- Бинка. Да разкажеш приказка за мълчанието
- Directed by: Elka Nikolova
- Written by: Elka Nikolova
- Produced by: Stanimir Trifonov
- Cinematography: Christo Bakalov; Vanyo Georgiev;
- Music by: Rumen Boyadzhiev
- Production company: Vreme Film Studio
- Release date: 2006;
- Running time: 48 minutes
- Country: Bulgaria
- Language: Bulgarian

= Binka: To Tell a Story About Silence =

Binka: To Tell a Story About Silence (Bulgarian Бинка. Да разкажеш приказка за мълчанието) is a 2006 documentary film directed by Elka Nikolova. It is 48 minutes in length, and was released in Bulgaria in 2006 and in the United States in 2007.

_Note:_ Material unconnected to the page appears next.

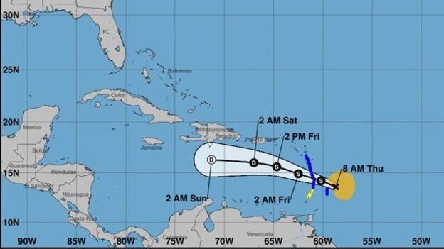 Si sigue su rumbo actual, el ojo de la tormenta pasará por las Antillas Menores el jueves por la noche. Los meteorólogos esperan que se debilite gradualmente a depresión tropical tras cruzar las islas.

The topic of the film is the life and struggles of Bulgaria's first female film director Binka Zhelyazkova during difficult times politically. The documentary premiered in New York, at the Museum of Modern Art, on April 4, 2007. Later it was shown at many venues such as the Russian Cultural Center In Houston, Texas, Brave Festival in Wrocław, and was also shown at the 2007 South East European Film Festival in Los Angeles, California where it won the Audience Award for best documentary film; it won the award for Best Debut Film at the 2007 Golden Rython Festival for Nonfeature Films; and was also featured in Montreal, Quebec's International Festival of Films on Art.

The film is archived in the Bulgarian National Film Center.